Dave Held wrote:
-----Original Message----- From: Alvaro Herrera [mailto:[EMAIL PROTECTED] Sent: Friday, April 22, 2005 12:06 PM To: Tom Lane Cc: Dave Held; pgsql-hackers@postgresql.org Subject: Re: [HACKERS] Woo hoo ... a whole new set of compiler headaches!! :)
[...] Why don't we rewrite Postgres in D?
http://www.digitalmars.com/d/
:-D
I see the smiley, but moving to C++ isn't just about switching
to the latest fad language.
No, it's about moving to the fad language about 2 generations back ...
First of all, you would literally
have to rewrite it to use D. There would probably need to be
very little work to make the Postgres codebase a conforming set
of C++ programs (mostly renaming variables/types named 'class', 'virtual', 'bool', etc.). Second, you can find a decent C++
compiler on virtually every platform that has a C compiler.
Third, C++ offers real advantages in type safety, exception
handling, resource management, and even performance.
Unless you did a major rewrite it's hard to see any great advantages. There are over 600,000 lines of code in Postgres by my rough count. The potential rewrite effort is enormous. A thorough job would probably consume a release cycle just on its own.
Also, "virtually every platform" isn't good enough - we have a number of oddballs in our supported list, and it would have to include at least those.

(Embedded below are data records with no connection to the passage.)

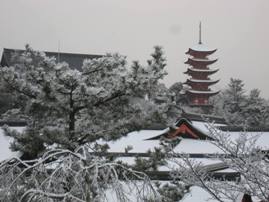 宮島は大変寒いお正月を迎えました。今日2日は昼から大雪、写真は当店2階からの雪景色です。アッという間に厳島神社の屋根や 五重の塔が真っ白に!。
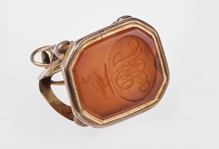 3375. Sceau serti d'une intaille sur cornaline
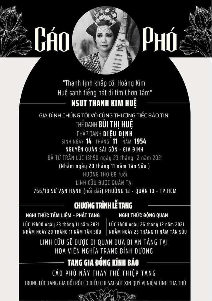 Ngày 23/12, người hâm mộ đã bàng hoàng trước thông tin NSƯT Thanh Kim Huệ qua đời sau thời gian kiên cường chống chọi căn bệnh ung thư. Sự ra đi của nữ nghệ sĩ đã để lại niềm xót thương cho đồng nghiệp, bạn bè lẫn khán giả. Lễ tang của NS Thanh Kim Huệ được diễn ra tại nhà riêng.
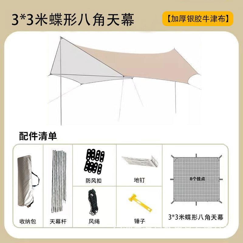 • 은풀 [나비 팔각형 3* 3m ] 바닥 못 + 방풍 로프 + 핸드백 + 망치 포함
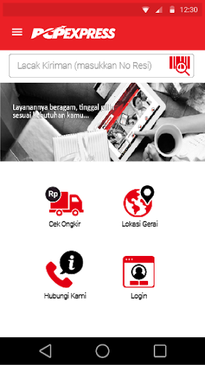 Aplikasi Jasa Kurir PCP Express yang dapat digunakan untuk Pelacakan Barang, Ceng Ongkir dan Lokasi Gerai, serta dapat digunakan untuk melakukan proses Penjemputan dan Pengantaran Barang Kiriman
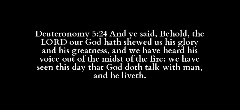 Deuteronomy 5:24 And ye said, Behold, the LORD our God hath shewed us his glory and his greatness, and we have heard his voice out of the midst of the fire: we have seen this day that God doth talk with man, and he liveth.

Even doing something as simple as writing a stored procedure in C is somewhat awkward because of all the boilerplate casting that must be done. I'm fairly certain that most of the macros in the stored procedure interface could go away if a C++ API were created.
On the downside, some of us (including me) have much more experience in and ease with writing C than C++. I could certainly do it - I write plenty of Java, so OO isn't a closed book to me, far from it - but ramping up in it would take me at least some effort. I bet I'm not alone in that.
So this would not be cost-free - very far from it.